Yeah, part of the deal will include lift tickets, inc. a Sunday ticket. 

Not sure on costs for season pass holders... I will check for you and let you know. I'm guessing the prices are so discounted to begin with that there will be little additional... but we'll see !


----------



## allisond77 (Dec 1, 2011)

I'm excited to go back again this year. Last year was a blast!


----------



## Tooth (Dec 9, 2011)

Do not miss the chance at first tracks. I repeat. Do not miss this chance. I have the Gold+ pass and can get first tracks every Sunday am. Its the best. Perfect groom. No one around. Rip it up. No ski patrol to be seen. The only thing to watch out for is the groomer and chance snowmobile. 

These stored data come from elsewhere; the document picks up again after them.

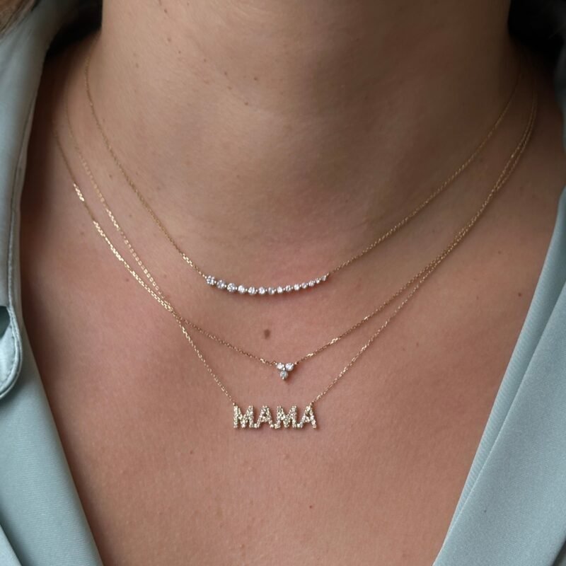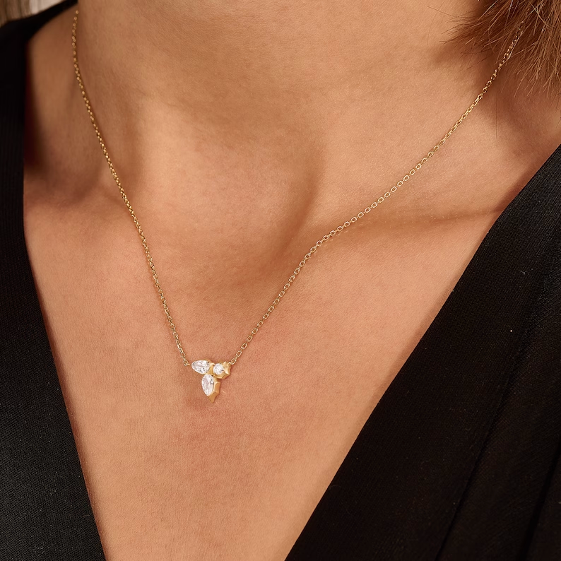 18k Solid Gold Moissanite Diamond Trio Necklace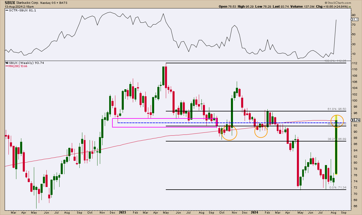 Start with a macro view by looking at the weekly chart of SBUX.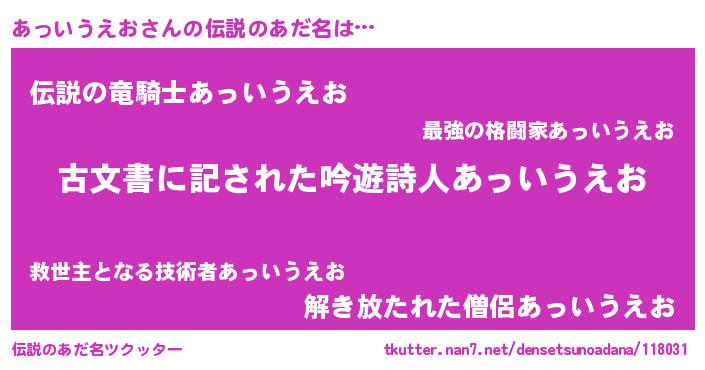| 意味不明あだ名 | 『住所不定無職あっいうえお(9歳)』 |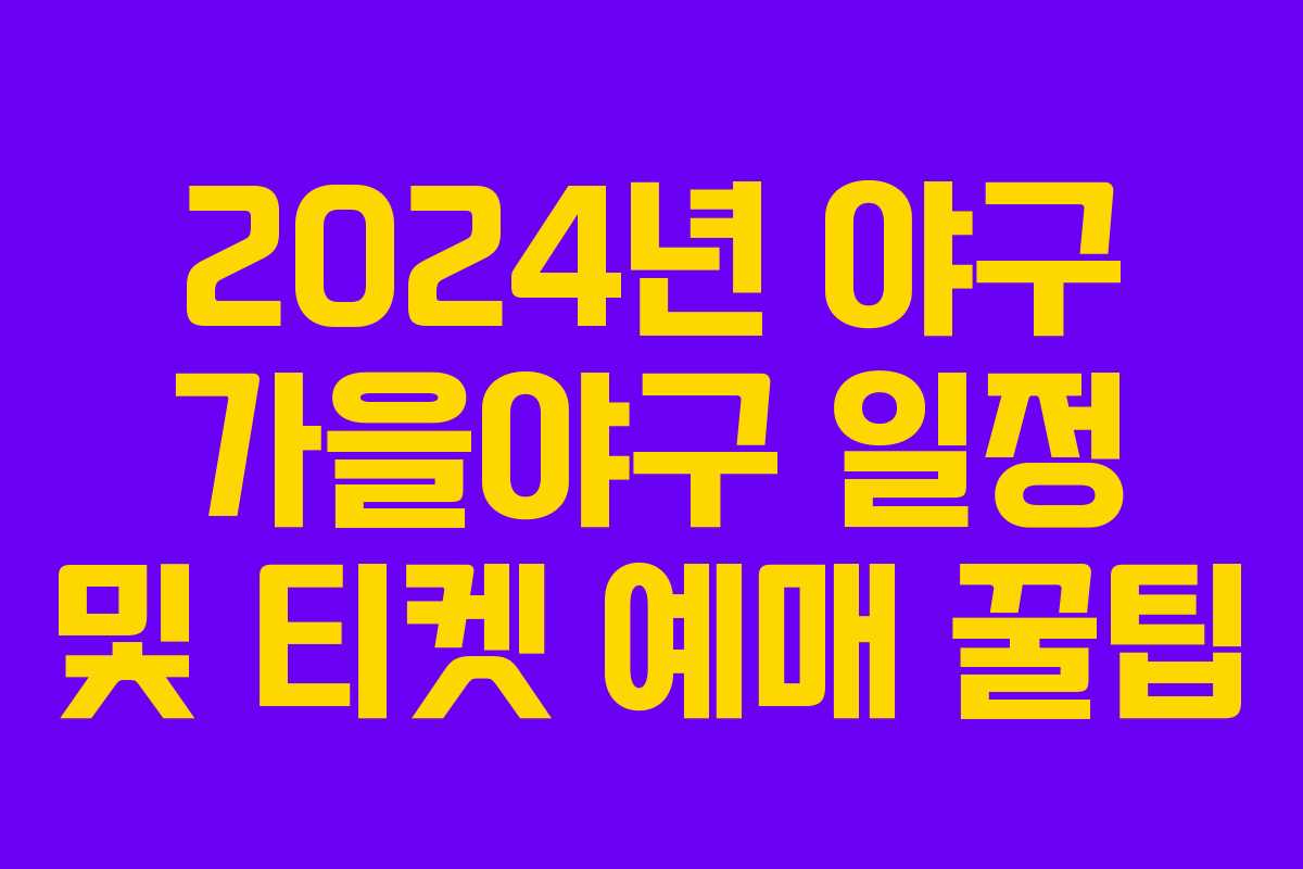 2024년 야구 가을야구 일정 및 티켓 예매 꿀팁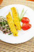 tradycyjne azerski szaszłyk z puree ziemniaczanym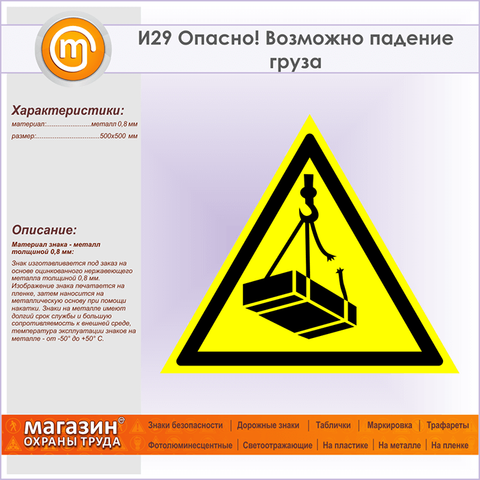 Знак «Опасно! Возможно падение груза», И29 (металл, сторона 500 мм) в Ижевске купить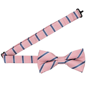 Celebrate in style with this charming vintage pink striped bow tie, an ideal choice for a gender reveal party or Valentine’s Day! The delightful blend of blue, pink, and white pencil stripes adds a fun and festive touch to any celebration. Whether you're part of the party or the guest of honor, this bow tie brings a playful yet refined flair to any special occasion.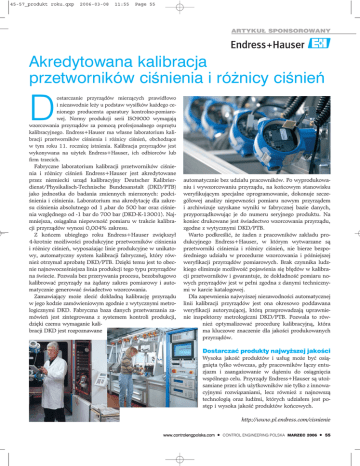 45-57_produkt roku.qxp 2006-03-08 11:55 Page 55 ARTYKU£ SPONSOROWANY Akredytowana kalibracja przetworników ciśnienia i różnicy ciśnień D ostarczanie przyrządów mierzących prawidłowo i niezawodnie leży u podstaw wysiłków każdego cenionego producenta aparatury kontrolno-pomiarowej. Normy produkcji serii ISO9000 wymagają wzorcowania przyrządów za pomocą profesjonalnego osprzętu kalibracyjnego. Endress+Hauser ma własne laboratorium kalibracji przetworników ciśnienia i różnicy ciśnień, obchodzące w tym roku 11. rocznicę istnienia. Kalibracja przyrządów jest wykonywana na użytek Endress+Hauser, ich odbiorców lub firm trzecich. Fabryczne laboratorium kalibracji przetworników ciśnienia i różnicy ciśnień Endress+Hauser jest akredytowane przez niemiecki urząd kalibracyjny Deutscher Kalibrierdienst/Physikalisch-Technische Bundesanstalt (DKD/PTB) jako jednostka do badania zmiennych mierzonych: podciśnienia i ciśnienia. Laboratorium ma akredytację dla zakresu ciśnienia absolutnego od 1 µbar do 500 bar oraz ciśnienia względnego od -1 bar do 700 bar (DKD-K-13001). Najmniejsza, osiągalna niepewność pomiaru w trakcie kalibracji przyrządów wynosi 0,004% zakresu. Z końcem ubiegłego roku Endress+Hauser zwiększył 4-krotnie możliwości produkcyjne przetworników ciśnienia i różnicy ciśnień, wyposażając linie produkcyjne w unikatowy, automatyczny system kalibracji fabrycznej, który również otrzymał aprobatę DKD/PTB. Dzięki temu jest to obecnie najnowocześniejsza linia produkcji tego typu przyrządów na świecie. Pozwala bez przerywania procesu, bezobsługowo kalibrować przyrządy na żądany zakres pomiarowy i automatycznie generować świadectwo wzorcowania. Zamawiający może zlecić dokładną kalibrację przyrządu w jego kodzie zamówieniowym zgodnie z wytycznymi metrologicznymi DKD. Fabryczna baza danych przetwarzania zamówień jest zintegrowana z systemem kontroli produkcji, dzięki czemu wymaganie kalibracji DKD jest rozpoznawane automatycznie bez udziału pracowników. Po wyprodukowaniu i wywzorcowaniu przyrządu, na końcowym stanowisku weryfikującym specjalne oprogramowanie, dokonuje szczegółowej analizy niepewności pomiaru nowym przyrządem i archiwizuje uzyskane wyniki w fabrycznej bazie danych, przyporządkowując je do numeru seryjnego produktu. Na koniec drukowane jest świadectwo wzorcowania przyrządu, zgodne z wytycznymi DKD/PTB. Warto podkreślić, że żaden z pracowników zakładu produkcyjnego Endress+Hauser, w którym wytwarzane są przetworniki ciśnienia i różnicy ciśnień, nie bierze bezpośredniego udziału w procedurze wzorcowania i późniejszej weryfikacji przyrządów pomiarowych. Brak czynnika ludzkiego eliminuje możliwość pojawienia się błędów w kalibracji przetworników i gwarantuje, że dokładność pomiaru nowych przyrządów jest w pełni zgodna z danymi technicznymi w karcie katalogowej. Dla zapewnienia najwyższej niezawodności automatycznej linii kalibracji przyrządów jest ona okresowo poddawana weryfikacji autoryzującej, którą przeprowadzają uprawnienie inspektorzy metrologiczni DKD/PTB. Pozwala to również optymalizować procedurę kalibracyjną, która ma kluczowe znaczenie dla jakości produkowanych przyrządów. Dostarczać produkty najwyższej jakości Wysoka jakość produktów i usług może być osiągnięta tylko wówczas, gdy pracowników łączy entuzjazm i zaangażowanie w dążeniu do osiągnięcia wspólnego celu. Przyrządy Endress+Hauser są utożsamiane przez ich użytkowników nie tylko z innowacyjnymi rozwiązaniami, lecz również z najnowszą technologią oraz ludźmi, których udziałem jest postęp i wysoka jakość produktów końcowych. http://www.pl.endress.com/cisnienie www.controlengpolska.com l CONTROL ENGINEERING POLSKA MARZEC 2006 l 55

And if youre lucky enough to get some powder. Sweet.


----------



## Skimaine (Dec 10, 2011)

tooth said:


> do not miss the chance at first tracks. I repeat. Do not miss this chance. I have the gold+ pass and can get first tracks every sunday am. Its the best. Perfect groom. No one around. Rip it up. No ski patrol to be seen. The only thing to watch out for is the groomer and chance snowmobile.
> 
> And if youre lucky enough to get some powder. Sweet.



+100


----------



## Nick (Dec 14, 2011)

+1 on the first tracks also. It was so much fun last year!


----------



## ski stef (Dec 16, 2011)

Looking at tickets now...trying to figure out if we are bringing our gear and should fly Southwest.  Pretty cheap 458 RT for 2.  Denver to Boston...looking into Denver to Hartford a little more expensive but not too bad.  Hopefully tickets purchased tonight!


----------



## Nick (Dec 16, 2011)

well if you go directly up north, it will be quicker to land in Boston vs. Hartford


----------



## wa-loaf (Dec 16, 2011)

Ski Stef said:


> Looking at tickets now...trying to figure out if we are bringing our gear and should fly Southwest.  Pretty cheap 458 RT for 2.  Denver to Boston...looking into Denver to Hartford a little more expensive but not too bad.  Hopefully tickets purchased tonight!





Nick said:


> well if you go directly up north, it will be quicker to land in Boston vs. Hartford



You could try Manchester. I usually fly out of Providence or Manchester, but surprisingly found Boston was cheaper this time around. And had more direct flights. Just about $300 round trip.


----------



## aaronbru (Dec 16, 2011)

Will we be able to buy more than one ticket.  My gf would probably want to come but doubt I'd get her onto a forum.


----------



## ski stef (Dec 16, 2011)

wa-loaf said:


> You could try Manchester. I usually fly out of Providence or Manchester, but surprisingly found Boston was cheaper this time around. And had more direct flights. Just about $300 round trip.



Manchester, NH, VT?

Yeah, I don't think we will be going right up to Maine.,  We are looking at like Tuesday-Monday.  Jimmy's nephew is getting baptized and he is the god father so would like to be there (in VT).  This would also give me a chance to see my mother in Hartford and make it to VT for a couple days to catch up with some friends. Looks like we will be renting a car regardless so maybe we will just choose the cheapest flights even if driving from Boston is a little far....prob close to the same as Hartford (2 1/2-3 hrs.)


----------



## Redliner (Dec 18, 2011)

My girls by one of the cliff signs in Brackett Basin  and yes first tracks was very worth it!! I think we got 5 runs in that hour


----------



## xwhaler (Dec 19, 2011)

I have put a group together for this. How soon can we book with the Loaf?


----------



## Nick (Dec 19, 2011)

Ill check with them today


----------



## xwhaler (Dec 22, 2011)

Anything yet on whether we can book? I've got a group of 12 I'm bringing up (and getting 9 new folks on AZ!) so I'm itching to get the condos all set up!

-Chris


----------



## Nick (Dec 22, 2011)

Holy crap... make sure you get them here posting


----------



## Nick (Dec 22, 2011)

Please see the first post - details have been updated with itinerary and package availability!


----------



## soposkier (Dec 22, 2011)

How many people is the $125 for a condo based on?


----------



## Nick (Dec 22, 2011)

I think it depends on the condo. 

I'm pretty sure it's bedrooms X2 +2 for the pull out couch. 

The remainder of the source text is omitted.